Osoby cierpiące z powodu żylaków powinny latem unikać przebywania na słońcu i plażować raczej w cieniu, a nogi okrywać przewiewnymi, długimi spódnicami lub spodniami. Letni czas sprzyja wakacyjnym wyjazdom, lecz długotrwała podróż i siedzenie w jednej pozycji także mogą być niekorzystne dla naszych nóg. Jeśli podróżujemy samochodem, powinniśmy robić postoje co 2-3 godziny, w trakcie których odpocznie nie tylko kierowca, ale i pasażerowie. Należy wysiąść z auta, rozprostować mięśnie i nogi, przeciągnąć się parę razy, aby pobudzić krążenie krwi.
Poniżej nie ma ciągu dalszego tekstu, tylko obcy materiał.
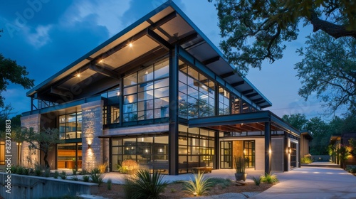 Obraz premium Suburban house of industrial design, characterized by materials such as...
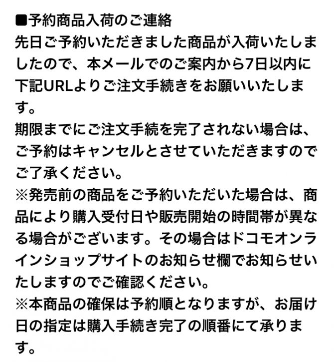 昨年、iPhone Xを ドコモオンラインショップで予約した時は 発売日前日 に 以下のようなメールが届いたのですが
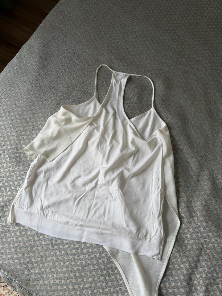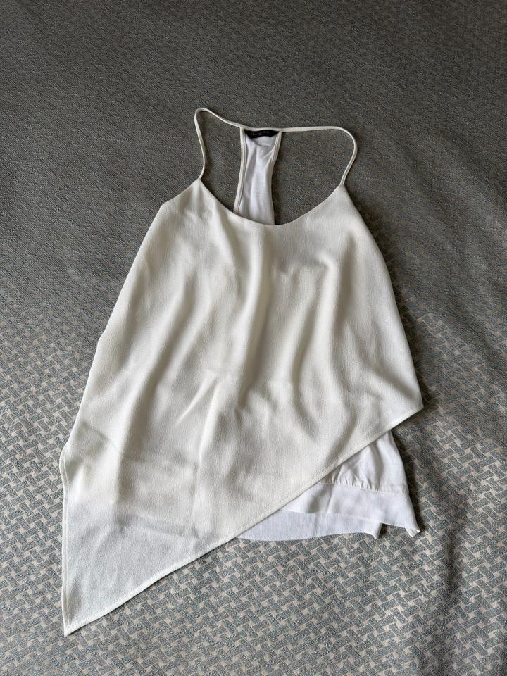 Ассиметричный топ Massimo Dutti, кремового цвета. Подклад снизу из мягкого хлопка, а ассиметричный верх из приятного фактурного материала Артикул: 560096
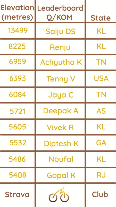 The climbing leaderboard went to the Western Ghats!Climber of the week is Saiju DS from Kerala having climbed 13499 metres.

Jeśli lecimy samolotem, zadbajmy o zmianę pozycji – przespacerujmy się, aby rozprostować nogi.
Starajmy się aktywnie spędzić urlop. Osobom z żylakami zaleca się umiarkowany ruch – spacery z kijkami, jazdę na rowerze czy zajęcia w wodzie. Pływanie usprawnia przepływ krwi w żyłach, łącząc trening mięśni i hydroterapię. Odradza się intensywne ćwiczenia siłowe i forsowne treningi (wspinaczka w górach czy wyczynowa jazda na rowerze). Pacjenci z żylakami powinni także zakładać specjalnie dopasowane rajstopy bądź pończochy uciskowe dobrane przez lekarza do indywidualnych potrzeb chorego.Kompresoterapia, czyli odpowiedni (nawet czterostopniowy) ucisk zmniejsza średnicę naczynia żylnego i ułatwia powrót krwi, zmniejszając dolegliwości bólowe i obrzęki.
W leczeniu zachowawczym duże znaczenie mają także leki zawierające diosminę, które poprawiają napięcie ścian żylnych, jednak nawet preparaty dostępne bez recepty powinno się stosować w porozumieniu z lekarzem.
Wszelkie działania profilaktyczne usprawniające przepływ krwi oraz leczenie zachowawcze pomagają w przypadku mniejszych niewydolności żył, tak samo jak małoinwazyjne zabiegi skleroterapii (obliteracji), polegające na wstrzyknięciu substancji obkurczającej żyłę, która powoduje jej zamknięcie (więcej o leczeniu żylaków metodą skleroterapii www.tourmedica.pl/blog/leczenie-zylakow-metoda-skleroterapii )
Zabiegi chirurgiczne dają możliwość zamknięcia większych pni żylnych za pomocą energii lasera, fal radiowych, krioterapii czy pary wodnej. Coraz rzadziej wykonuje się tradycyjne operacje polegające na chirurgicznym usunięciu pnia żyły (tzw. stripping).